The Boston Symphony Continues To Be Pulled in All Directions
Photo credit: Hiroyuki Ito, The New York Times
The first two nights of the Boston Symphony’s annual pilgrimage to Carnegie Hall provided a disparate set of results, showcasing just how much of an effect a conductor has on even a top-tier ensemble. Still without a musical conductor since James Levine left his oft-neglected post in 2011, the Boston Symphony has suffered through a roster of guest conductors at Carnegie—both new and familiar faces to the BSO—with plenty of concerning substitutions made at the last minute.
The two conductors at the helm this week couldn’t have been more diametrically opposed in how they led the orchestra: Rafael Frühbeck de Burgos, definitely in the twilight hours of his career and remained seated throughout the performance, gave a stoic rendition of three 20th-century works, while Daniele Gatti—fresh from leading the critically acclaimed new production of Parsifal at the Metropolitan Opera—imbued a fresh and precise perspective to Mahler’s titanic Third Symphony.

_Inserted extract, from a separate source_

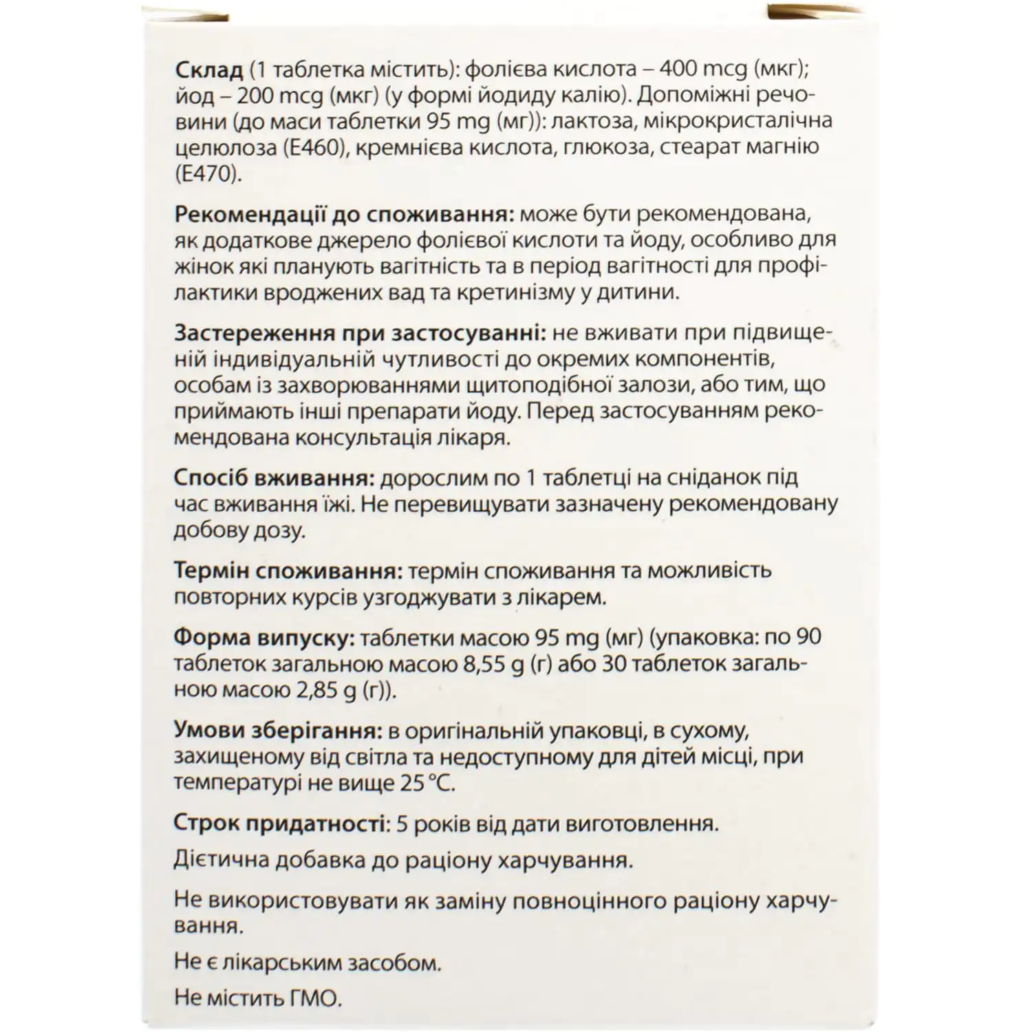 - Iodine – 200 mcg (in the form of potassium iodides).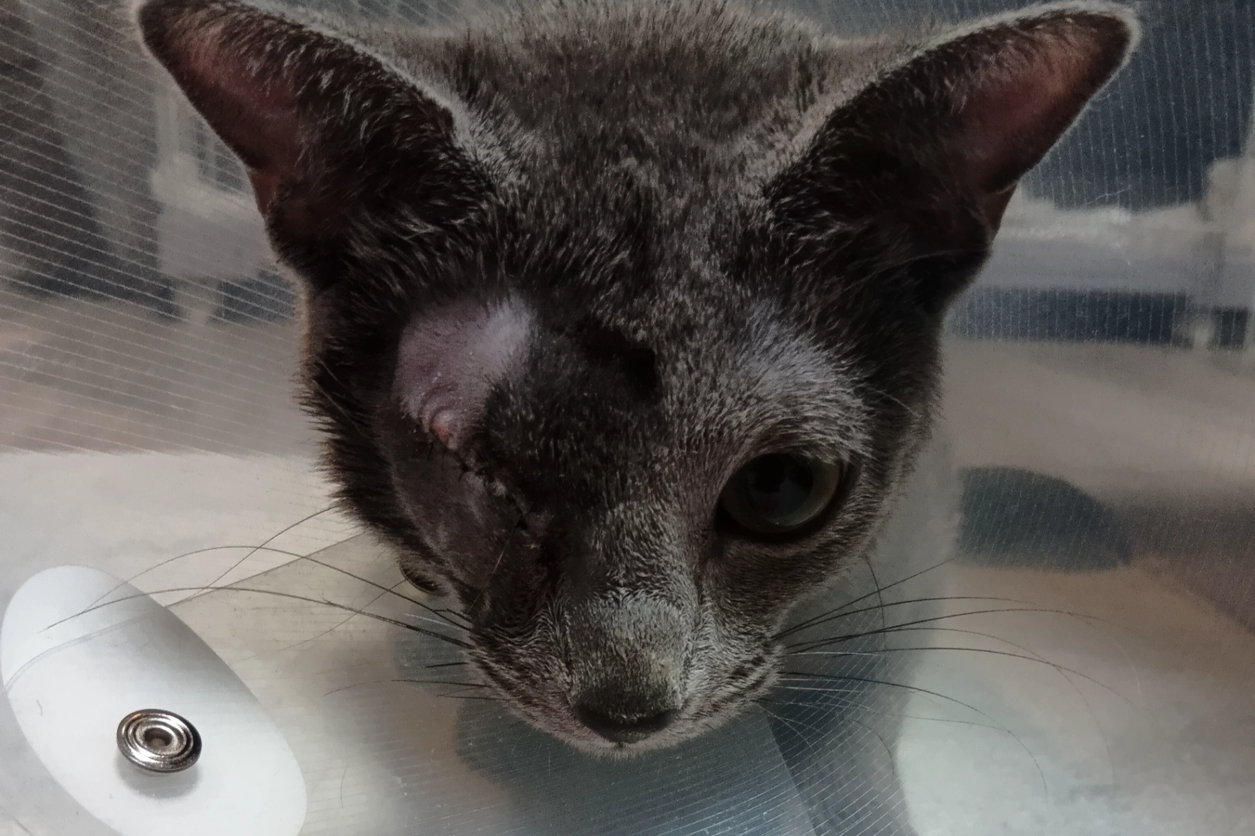 今日受診しました。獣医師から右眼球を摘出したことで摘出部分が陥没しない様にするため、摘出部に網目のものを入れて空洞にならないようにしているとのことでした。手術の傷口は問題なく経過している様で、ホッとしています。傷口のかゆみがあり、掻こうとしてエリザベスカラーをカリカリ搔いていますが、傷口が守られています。エリザベスカラーを外さないことを願う日々です。

For Wednesday night’s program, the BSO delivered two works that the group originally premiered, harkening back to the orchestra’s heyday under Serge Koussevitsky, whose deep-seeded relationships with the major composition figures of the time yielded an incredible output of new music. Unfortunately, under de Burgos, both Hindemith’s Konzertmusik for Strings and Brass, as well as Bartók’s Concerto for Orchestra suffered, with a lack of energy, precise articulation, and unified sound weaving its way throughout the evening.
Luckily, the brass and solo winds were able to pick up the slack in the Bartók—most notably in the second movement’s capricious “Giuoco delle coppie,” where whimsical woodwind duets gave way to a meditative chorale from the brass that was not only perfectly paced, but elegantly pitched. The stellar music-making didn’t last for long though, as the elegiac third movement and adrenaline-pumping final two movements hit a wall, with de Burgos’ choice of tempi failing to show the virtuosity of the onstage musicians’ abilities.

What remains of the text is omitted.